# Provided records
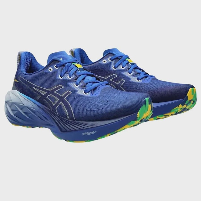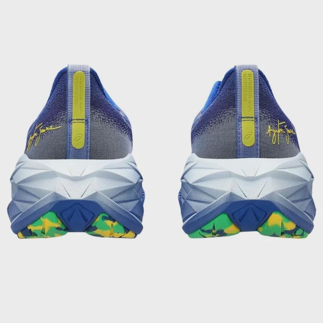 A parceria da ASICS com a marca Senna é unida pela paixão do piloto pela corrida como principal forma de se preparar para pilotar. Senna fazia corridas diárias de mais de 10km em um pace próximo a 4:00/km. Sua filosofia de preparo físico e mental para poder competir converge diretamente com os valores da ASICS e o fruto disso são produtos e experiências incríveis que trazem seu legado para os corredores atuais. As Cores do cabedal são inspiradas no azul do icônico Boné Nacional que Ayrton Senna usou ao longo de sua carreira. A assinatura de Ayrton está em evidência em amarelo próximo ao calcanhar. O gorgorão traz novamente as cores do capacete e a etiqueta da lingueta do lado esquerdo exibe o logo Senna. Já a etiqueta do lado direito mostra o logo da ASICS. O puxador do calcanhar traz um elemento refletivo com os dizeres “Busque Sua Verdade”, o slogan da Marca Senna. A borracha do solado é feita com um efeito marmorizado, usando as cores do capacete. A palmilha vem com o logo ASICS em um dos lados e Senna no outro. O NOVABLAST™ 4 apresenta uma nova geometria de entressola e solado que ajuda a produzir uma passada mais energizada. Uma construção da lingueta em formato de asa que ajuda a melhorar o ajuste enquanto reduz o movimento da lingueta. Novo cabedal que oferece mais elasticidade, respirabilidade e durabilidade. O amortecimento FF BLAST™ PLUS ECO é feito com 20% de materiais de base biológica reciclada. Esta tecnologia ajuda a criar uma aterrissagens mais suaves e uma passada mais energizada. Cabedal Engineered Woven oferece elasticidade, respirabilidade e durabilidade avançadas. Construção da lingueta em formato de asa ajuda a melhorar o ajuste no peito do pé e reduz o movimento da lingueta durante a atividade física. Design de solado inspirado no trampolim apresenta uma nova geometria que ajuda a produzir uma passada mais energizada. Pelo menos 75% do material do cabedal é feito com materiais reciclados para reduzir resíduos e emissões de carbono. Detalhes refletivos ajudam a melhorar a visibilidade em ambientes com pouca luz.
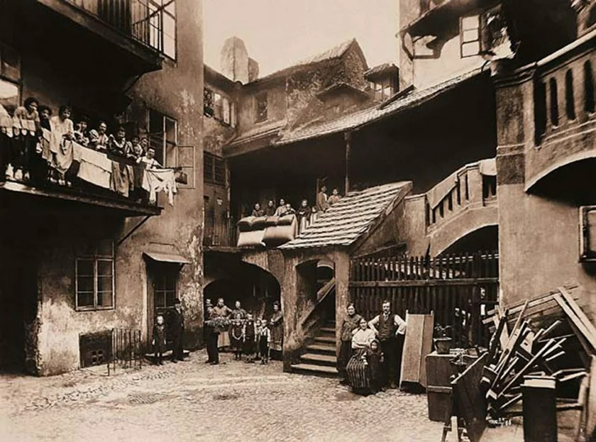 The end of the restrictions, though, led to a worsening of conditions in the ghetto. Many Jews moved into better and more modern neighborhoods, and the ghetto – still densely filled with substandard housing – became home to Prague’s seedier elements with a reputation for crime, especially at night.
* * *
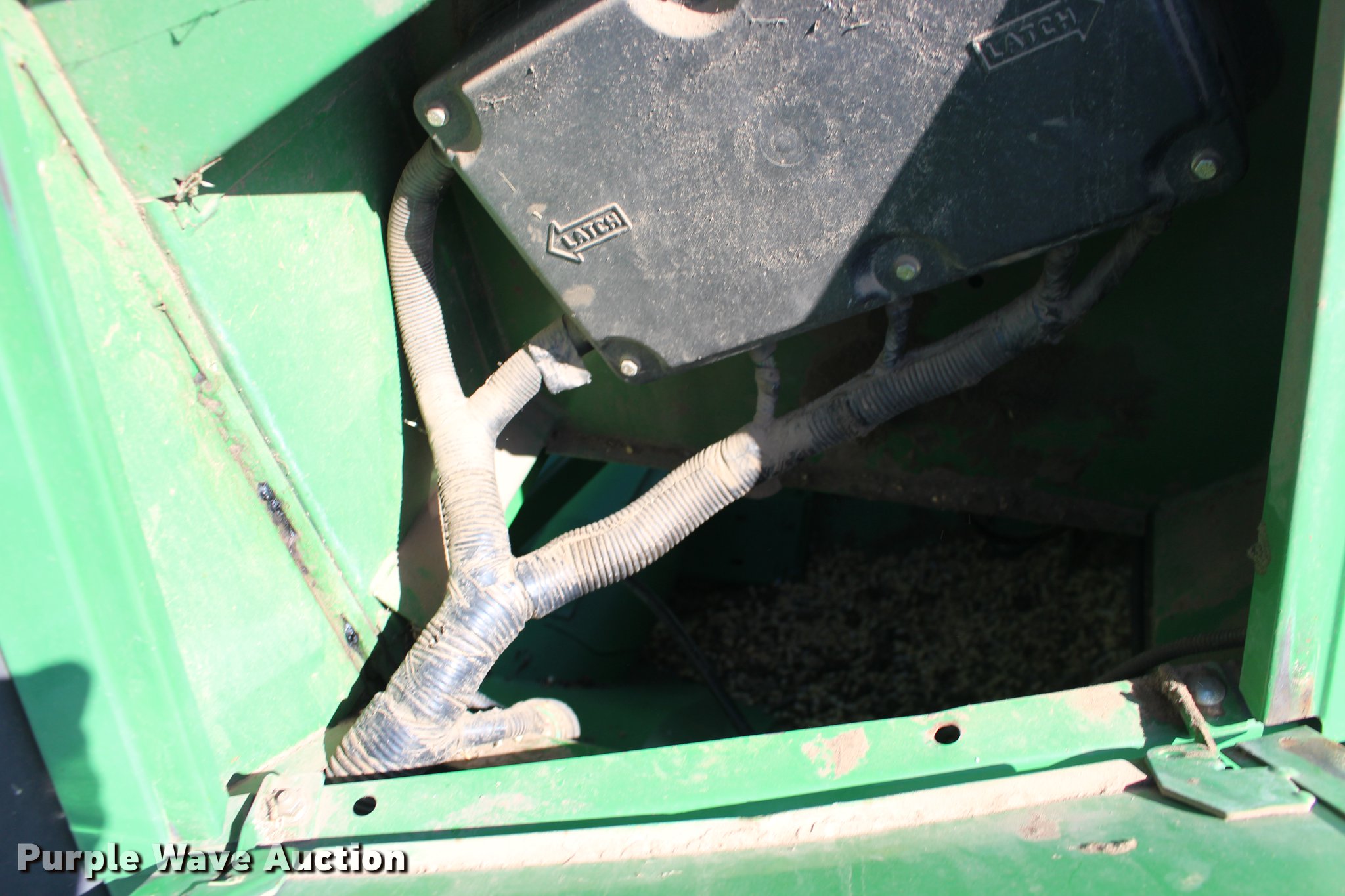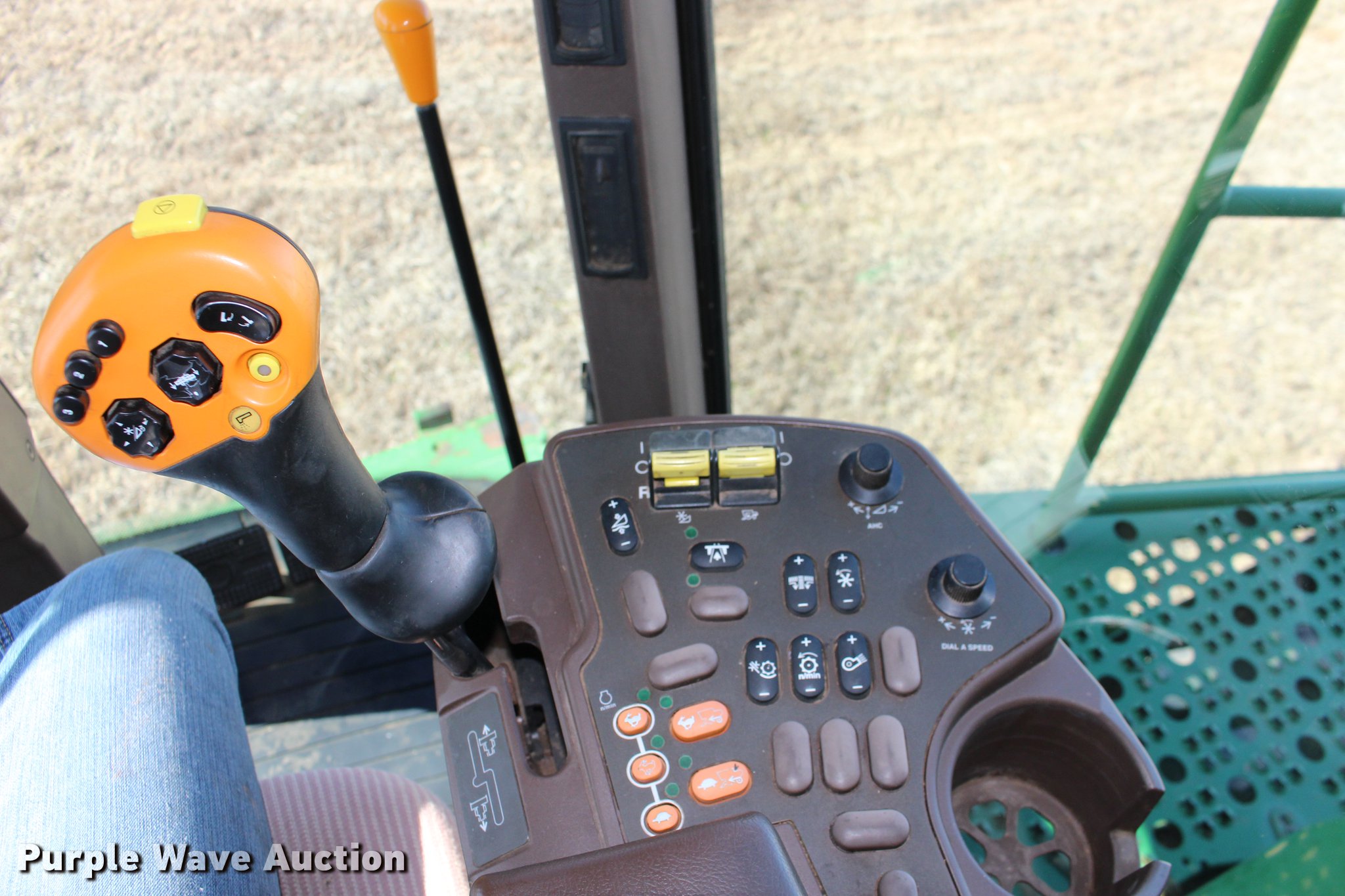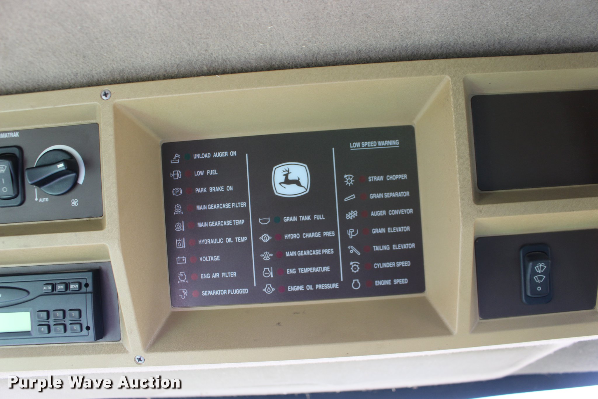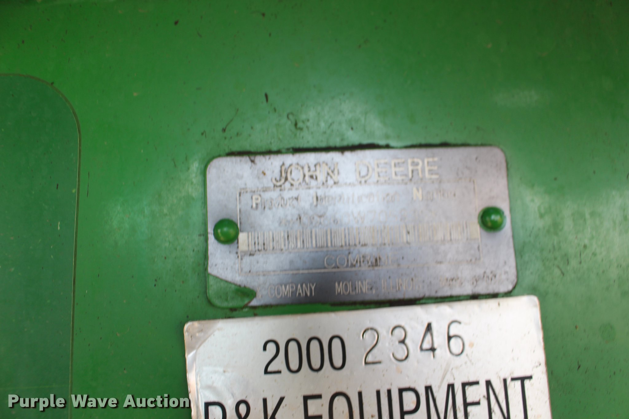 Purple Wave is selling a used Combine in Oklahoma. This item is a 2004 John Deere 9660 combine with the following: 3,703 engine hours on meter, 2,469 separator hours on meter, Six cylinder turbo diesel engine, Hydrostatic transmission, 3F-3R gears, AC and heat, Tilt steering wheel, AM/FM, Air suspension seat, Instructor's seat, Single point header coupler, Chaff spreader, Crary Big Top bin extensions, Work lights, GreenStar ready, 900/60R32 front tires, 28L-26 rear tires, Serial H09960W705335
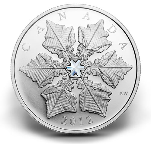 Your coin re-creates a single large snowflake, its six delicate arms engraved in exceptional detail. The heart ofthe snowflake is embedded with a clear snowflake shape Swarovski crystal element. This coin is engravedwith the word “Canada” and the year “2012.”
* * *
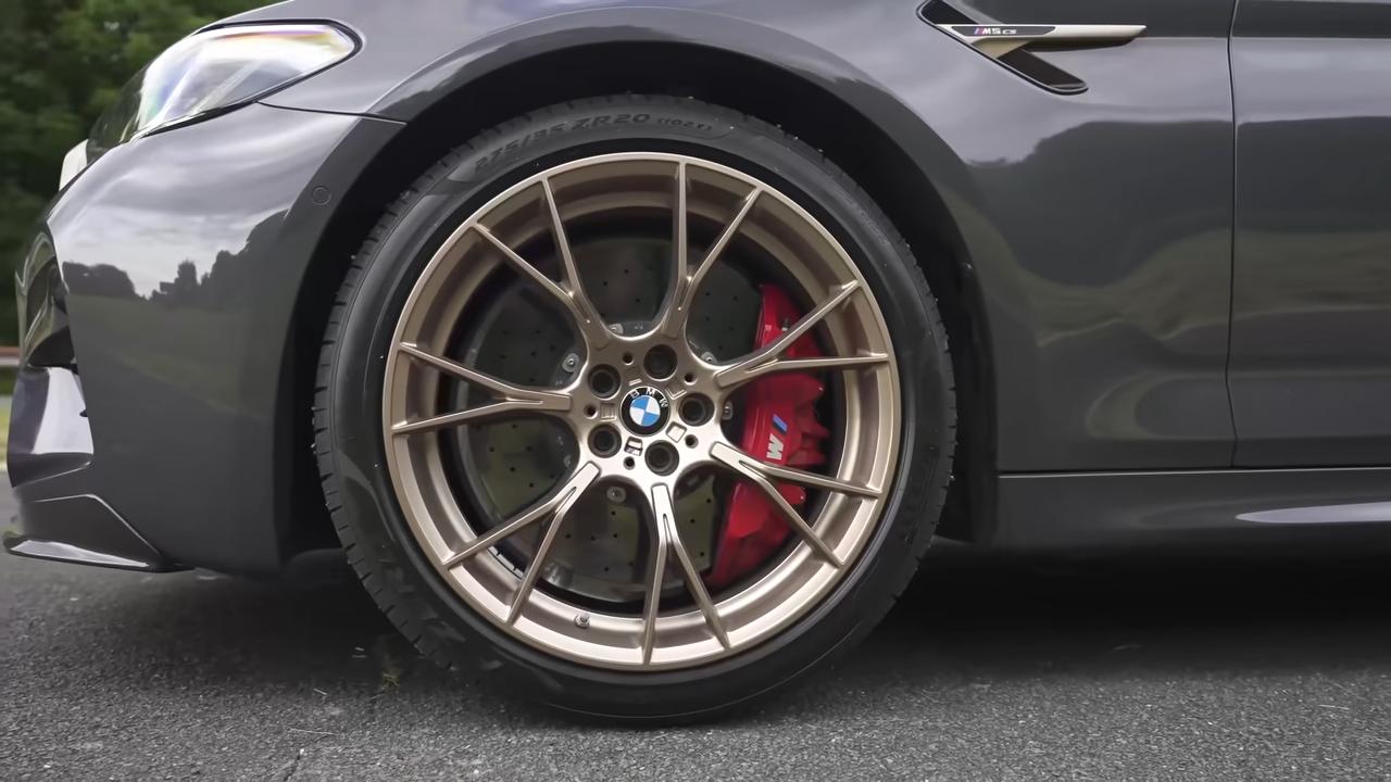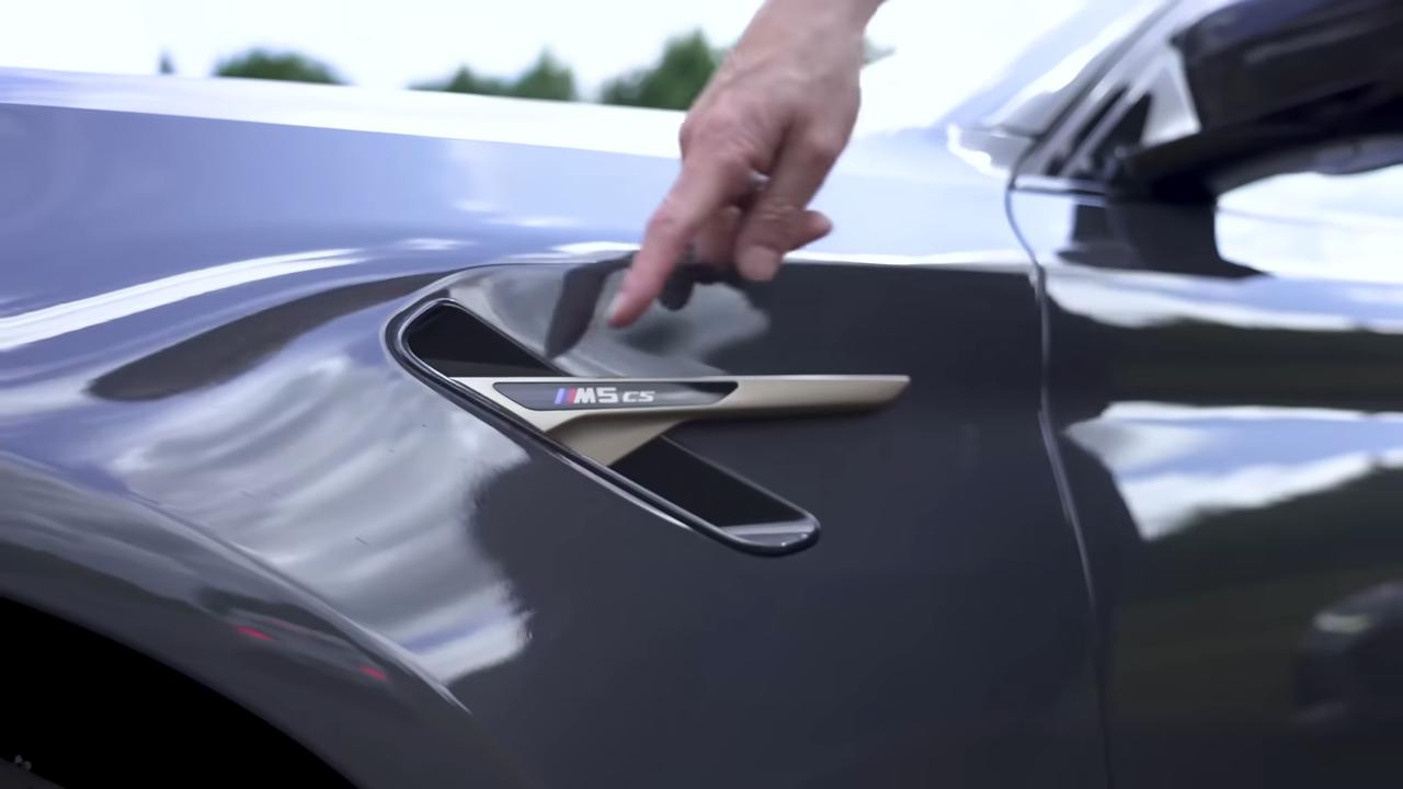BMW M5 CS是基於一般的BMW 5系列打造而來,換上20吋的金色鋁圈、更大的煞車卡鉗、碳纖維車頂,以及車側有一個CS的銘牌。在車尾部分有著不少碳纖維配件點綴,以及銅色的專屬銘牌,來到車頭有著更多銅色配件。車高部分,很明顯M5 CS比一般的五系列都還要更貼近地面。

# What to do
Look above for the line with "Purple Wave is" and the line with "Your coin re-creates". Output those two and everything between them exactly, pictures excluded.

# Output below
 Purple Wave is selling a used Combine in Oklahoma. This item is a 2004 John Deere 9660 combine with the following: 3,703 engine hours on meter, 2,469 separator hours on meter, Six cylinder turbo diesel engine, Hydrostatic transmission, 3F-3R gears, AC and heat, Tilt steering wheel, AM/FM, Air suspension seat, Instructor's seat, Single point header coupler, Chaff spreader, Crary Big Top bin extensions, Work lights, GreenStar ready, 900/60R32 front tires, 28L-26 rear tires, Serial H09960W705335
 Your coin re-creates a single large snowflake, its six delicate arms engraved in exceptional detail. The heart ofthe snowflake is embedded with a clear snowflake shape Swarovski crystal element. This coin is engravedwith the word “Canada” and the year “2012.”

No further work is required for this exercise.